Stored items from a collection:

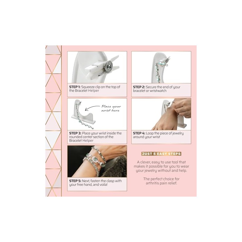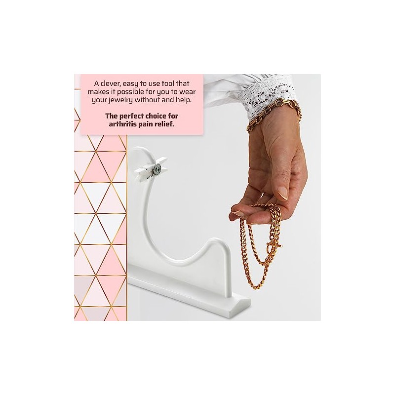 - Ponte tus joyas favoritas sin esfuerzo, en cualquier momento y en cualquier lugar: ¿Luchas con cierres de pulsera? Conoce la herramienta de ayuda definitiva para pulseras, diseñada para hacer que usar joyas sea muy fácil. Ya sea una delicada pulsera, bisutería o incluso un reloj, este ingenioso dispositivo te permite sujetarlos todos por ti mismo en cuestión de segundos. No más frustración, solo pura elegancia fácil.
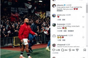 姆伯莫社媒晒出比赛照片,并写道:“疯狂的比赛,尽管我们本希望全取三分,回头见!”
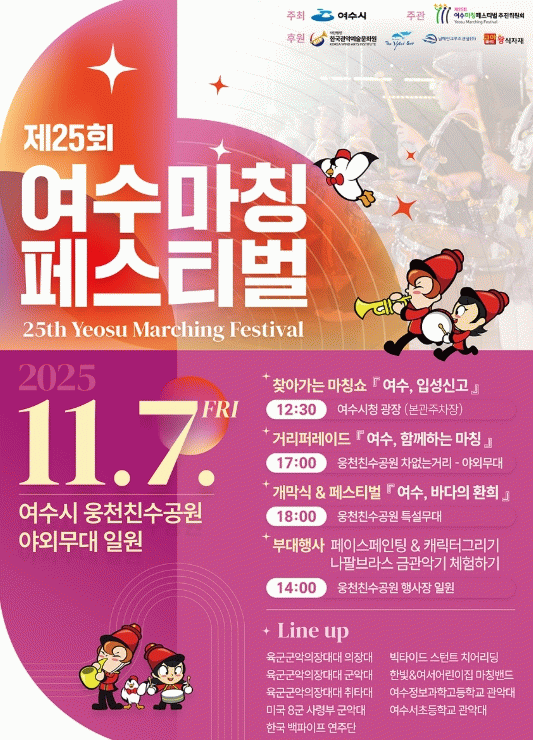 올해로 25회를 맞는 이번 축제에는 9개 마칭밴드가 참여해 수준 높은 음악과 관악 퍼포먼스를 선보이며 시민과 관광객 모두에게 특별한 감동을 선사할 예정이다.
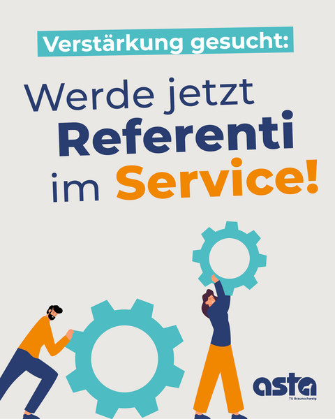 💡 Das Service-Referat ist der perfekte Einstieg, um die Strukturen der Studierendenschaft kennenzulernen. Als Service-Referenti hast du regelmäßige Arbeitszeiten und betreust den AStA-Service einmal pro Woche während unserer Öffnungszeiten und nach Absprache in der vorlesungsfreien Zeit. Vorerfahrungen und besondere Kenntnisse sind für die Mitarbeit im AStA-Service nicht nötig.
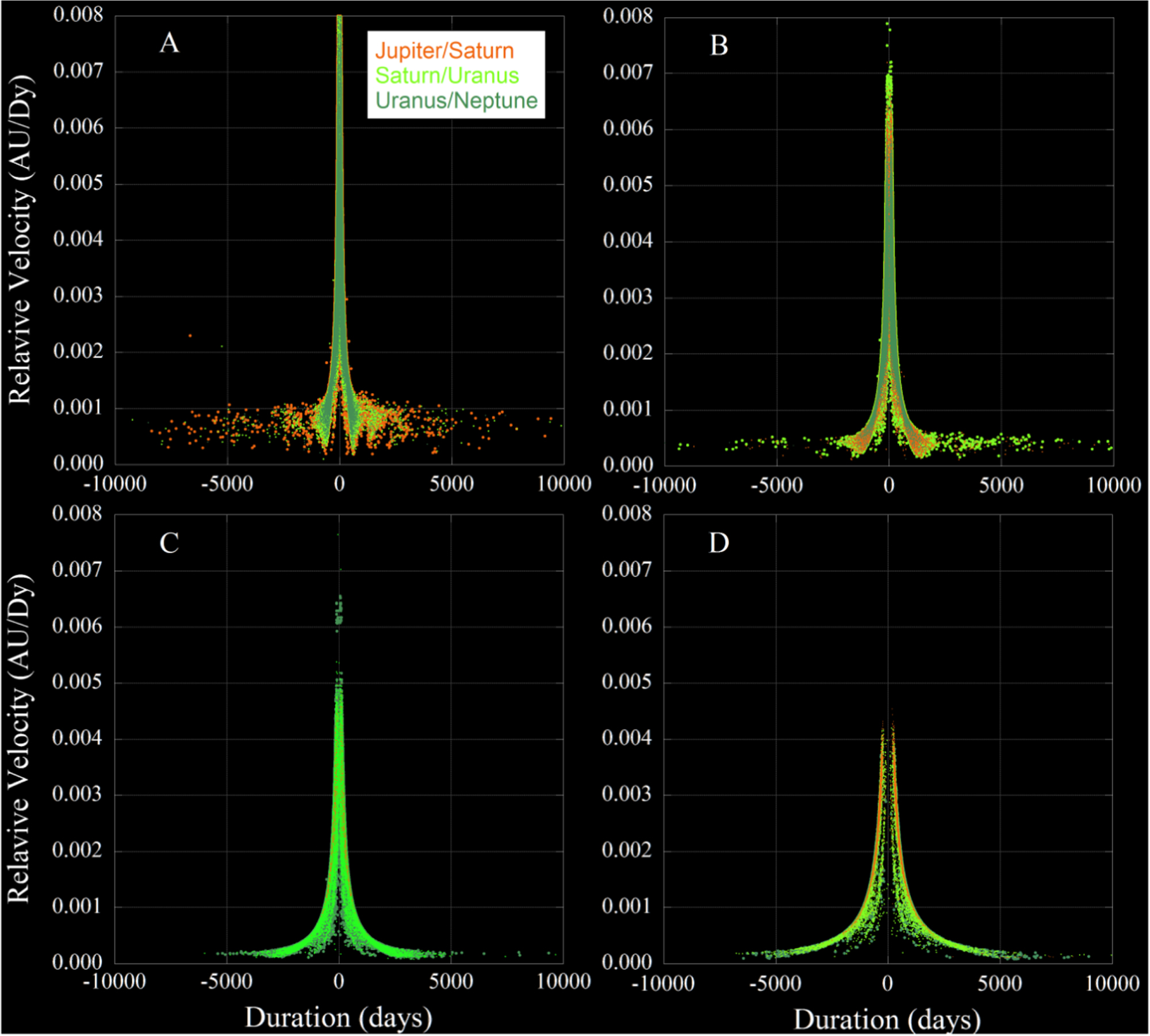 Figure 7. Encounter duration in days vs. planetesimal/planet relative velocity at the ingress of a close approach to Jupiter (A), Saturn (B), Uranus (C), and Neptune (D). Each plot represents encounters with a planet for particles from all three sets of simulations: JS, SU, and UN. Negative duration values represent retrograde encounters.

--

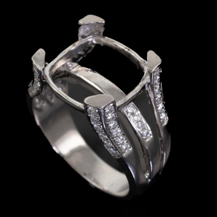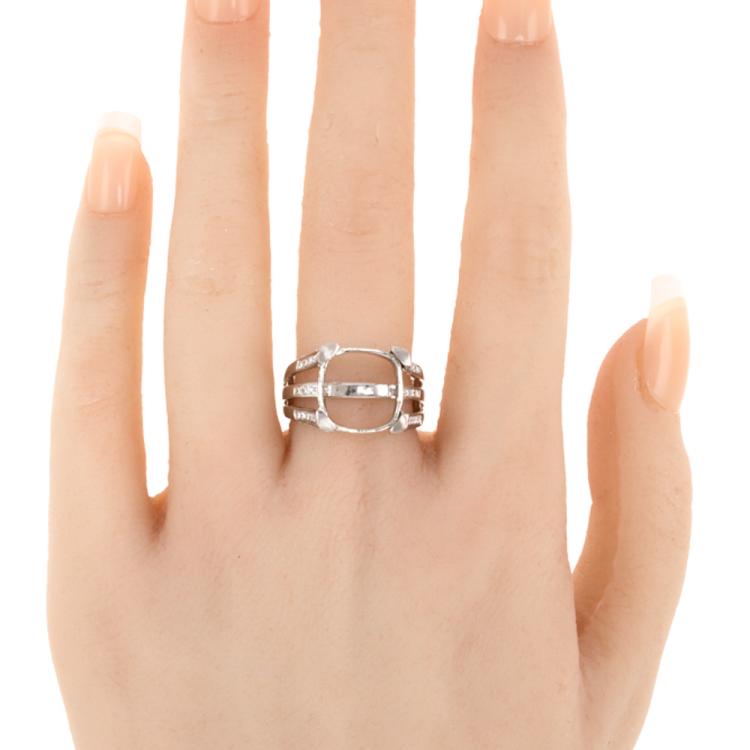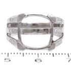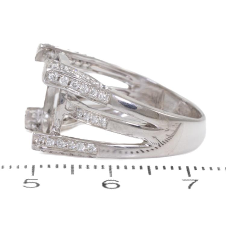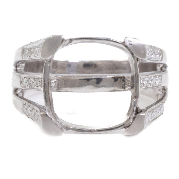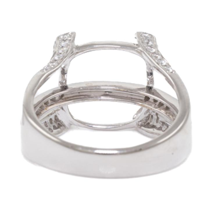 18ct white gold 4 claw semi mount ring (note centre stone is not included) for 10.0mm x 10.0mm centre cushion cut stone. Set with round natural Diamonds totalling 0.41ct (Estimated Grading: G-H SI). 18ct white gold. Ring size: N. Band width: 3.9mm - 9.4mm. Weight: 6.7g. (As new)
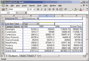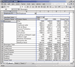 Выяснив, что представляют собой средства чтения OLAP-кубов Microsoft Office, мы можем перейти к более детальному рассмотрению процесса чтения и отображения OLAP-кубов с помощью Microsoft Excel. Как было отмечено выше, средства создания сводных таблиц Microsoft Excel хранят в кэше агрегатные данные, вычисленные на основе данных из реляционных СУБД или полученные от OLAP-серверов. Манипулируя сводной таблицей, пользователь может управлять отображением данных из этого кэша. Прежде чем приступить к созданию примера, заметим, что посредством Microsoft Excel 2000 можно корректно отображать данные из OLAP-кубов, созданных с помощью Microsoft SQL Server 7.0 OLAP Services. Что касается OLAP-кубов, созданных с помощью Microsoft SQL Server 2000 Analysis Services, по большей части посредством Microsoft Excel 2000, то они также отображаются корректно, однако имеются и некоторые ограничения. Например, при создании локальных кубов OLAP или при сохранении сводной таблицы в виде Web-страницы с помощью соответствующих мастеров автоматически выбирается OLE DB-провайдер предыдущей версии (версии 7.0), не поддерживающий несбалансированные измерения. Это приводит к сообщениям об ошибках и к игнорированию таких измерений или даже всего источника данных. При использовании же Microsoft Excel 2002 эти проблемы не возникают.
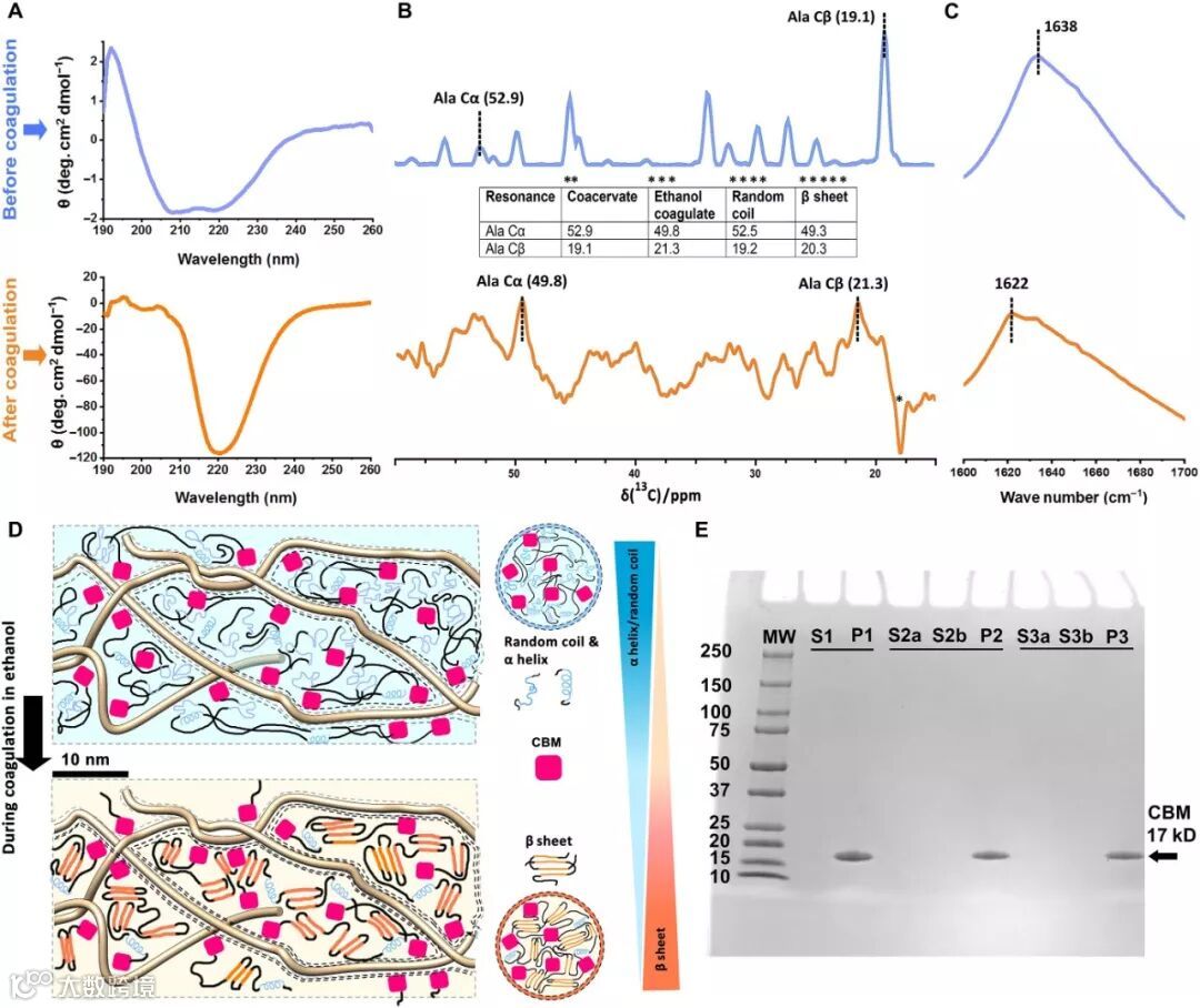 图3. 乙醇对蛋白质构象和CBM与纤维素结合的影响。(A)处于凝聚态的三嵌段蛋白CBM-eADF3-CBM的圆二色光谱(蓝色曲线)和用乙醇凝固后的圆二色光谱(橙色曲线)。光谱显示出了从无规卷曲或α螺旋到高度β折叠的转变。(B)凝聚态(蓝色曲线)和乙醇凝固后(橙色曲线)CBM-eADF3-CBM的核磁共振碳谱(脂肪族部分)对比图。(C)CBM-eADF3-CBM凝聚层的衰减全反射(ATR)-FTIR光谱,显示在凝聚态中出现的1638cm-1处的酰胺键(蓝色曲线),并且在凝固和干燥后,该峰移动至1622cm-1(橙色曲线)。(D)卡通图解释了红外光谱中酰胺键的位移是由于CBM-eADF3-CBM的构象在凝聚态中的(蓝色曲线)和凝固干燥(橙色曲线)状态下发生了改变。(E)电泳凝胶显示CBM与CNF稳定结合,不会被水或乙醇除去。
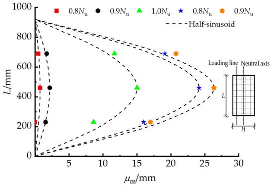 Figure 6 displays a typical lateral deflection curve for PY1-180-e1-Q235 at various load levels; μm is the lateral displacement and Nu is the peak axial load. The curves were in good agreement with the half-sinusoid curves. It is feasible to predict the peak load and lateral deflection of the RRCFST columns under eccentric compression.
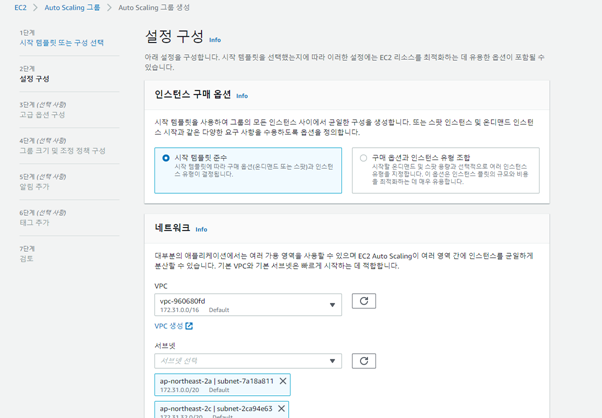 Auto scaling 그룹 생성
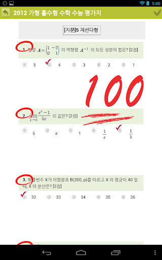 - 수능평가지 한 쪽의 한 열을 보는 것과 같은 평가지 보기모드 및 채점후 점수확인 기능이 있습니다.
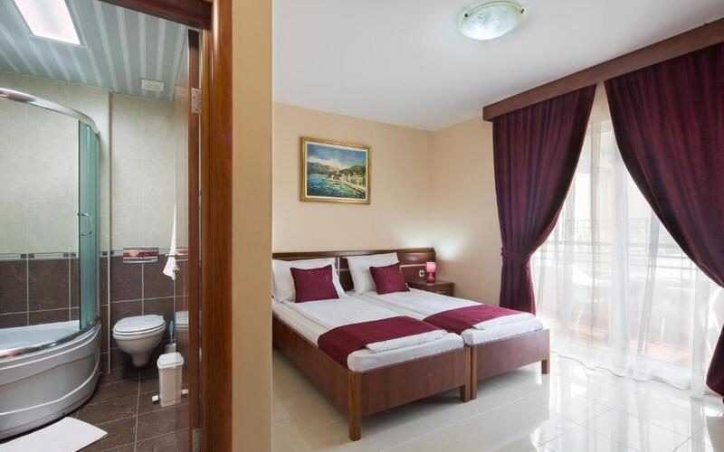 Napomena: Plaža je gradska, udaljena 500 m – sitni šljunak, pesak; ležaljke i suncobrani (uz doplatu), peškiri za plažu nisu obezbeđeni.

▶ WHAT IS NEEDED
Reproduce, exactly and only, the lines of the records above starting at the line with "- Ponte tus" and ending at the line with "AStA-Service nicht nötig.", both included. Leave every picture out.

▶ THE ANSWER
 - Ponte tus joyas favoritas sin esfuerzo, en cualquier momento y en cualquier lugar: ¿Luchas con cierres de pulsera? Conoce la herramienta de ayuda definitiva para pulseras, diseñada para hacer que usar joyas sea muy fácil. Ya sea una delicada pulsera, bisutería o incluso un reloj, este ingenioso dispositivo te permite sujetarlos todos por ti mismo en cuestión de segundos. No más frustración, solo pura elegancia fácil.
 姆伯莫社媒晒出比赛照片,并写道:“疯狂的比赛,尽管我们本希望全取三分,回头见!”
 올해로 25회를 맞는 이번 축제에는 9개 마칭밴드가 참여해 수준 높은 음악과 관악 퍼포먼스를 선보이며 시민과 관광객 모두에게 특별한 감동을 선사할 예정이다.
 💡 Das Service-Referat ist der perfekte Einstieg, um die Strukturen der Studierendenschaft kennenzulernen. Als Service-Referenti hast du regelmäßige Arbeitszeiten und betreust den AStA-Service einmal pro Woche während unserer Öffnungszeiten und nach Absprache in der vorlesungsfreien Zeit. Vorerfahrungen und besondere Kenntnisse sind für die Mitarbeit im AStA-Service nicht nötig.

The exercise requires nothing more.